Resilience during the pandemic

For a sector that had grown out of the last crisis, the Covid-19 pandemic presented its first major test, but it was one that the sector passed with flying colours. Both Invitation Homes and American Homes 4 Rent reported occupancy levels over 97% throughout 2020, as the sector benefited from many of the same drivers seen in the UK – increased desire for space and rising remote working, allowing people to easily relocate out of city centres.

Covid-19 has accelerated trends that drive single family housing: a desire for space and the rise of remote working

Richard Valentine-Selsey, Associate Director, Residential Research

The sector has seen very strong rental growth as the US emerges from lockdowns. As demand has continued to rise, both American Homes 4 Rent and Invitation Homes announced they had increased the rent of vacant properties by over 10%. This compares with apartment rental growth during 2020 of 0.7%.

Increasing investor interest

2021 has seen a flurry of activity in the sector. So far this year, a number of investors have sought to enter, or re-enter, the sector. These include KKR that are launching My Community Homes, Blackstone that are acquiring Home Partners of America (16,000 homes) for $6bn, Transcendent Investment Management and Electra America that are looking to deploy $3bn over the next years, and Allianz and Centrebridge that have launched a partnership with Lennar Corp (Upward America Venture) to build up a single family housing portfolio.

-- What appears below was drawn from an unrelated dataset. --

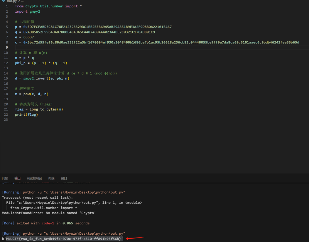 让ai写一个解密rsa的python ,再不断装库之后得到。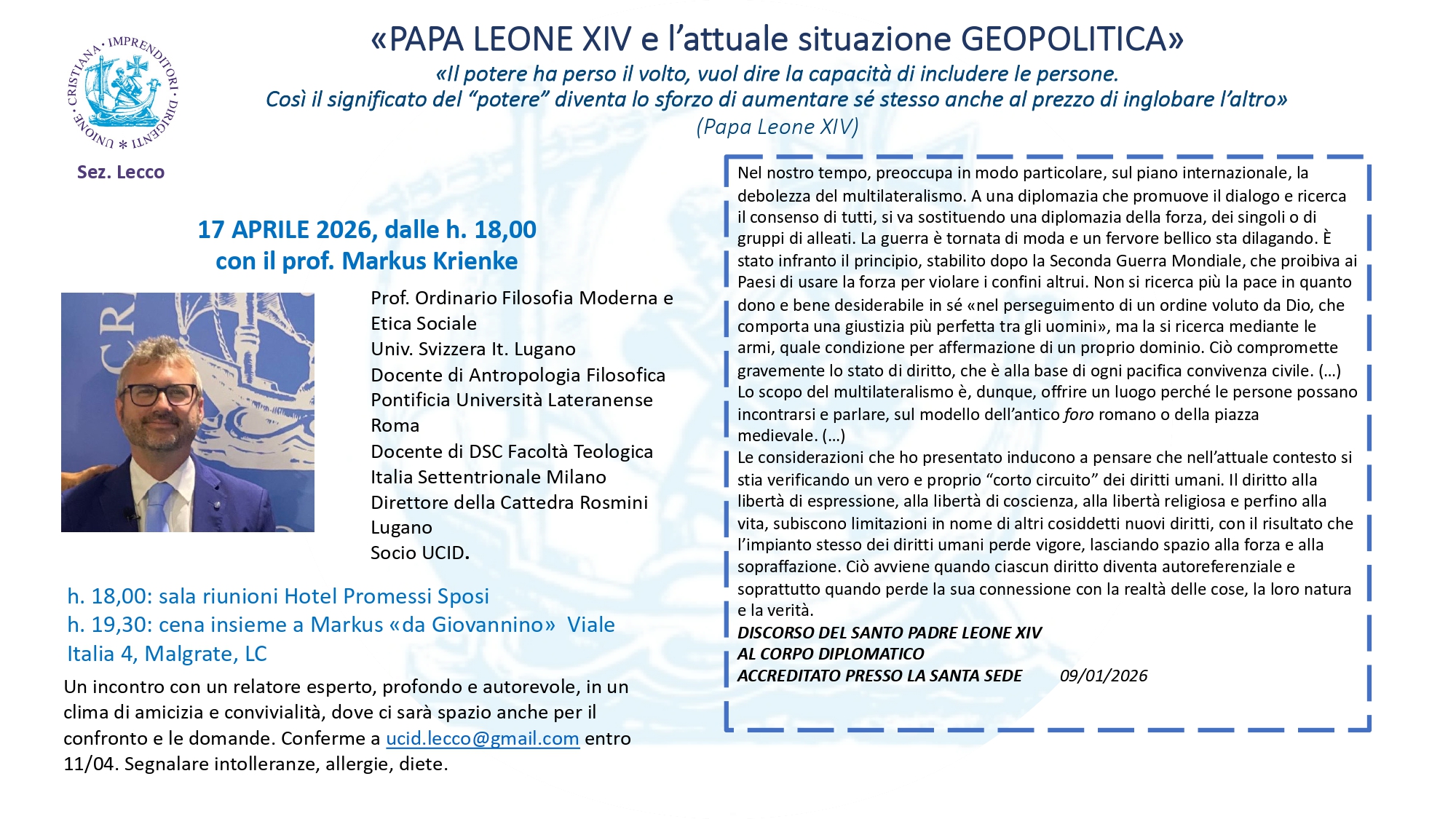 Incontro organizzato dalla Sezione UCID di Lecco.

The last of these is the most interesting from a UK perspective. Lennar is one of America’s largest housebuilders, which will provide the venture with access to a nationwide housebuilding programme. This is a model that is emerging in the UK as investors seek ways to access scale quickly.

Differences with the UK

The major difference between the established US single family housing sector and the emerging market in the UK is that the former has grown out of amassing scale in the second-hand market – initially through foreclosures but now primarily through the open market. This is something that we have yet to see at scale in the UK. Instead, investors are focused on delivering new homes through developer partnerships or forward funding schemes. As a result, it will likely take longer for single family housing to achieve a similar scale in the UK.

However, what the US has shown is the importance of ensuring management and the operational efficiency of large portfolios. Even as investors have built very large portfolios, these have remained surprisingly concentrated in their geographical spread. This shows that in the UK, investors should be looking to create geographic clusters that can then be managed from local/regional hubs.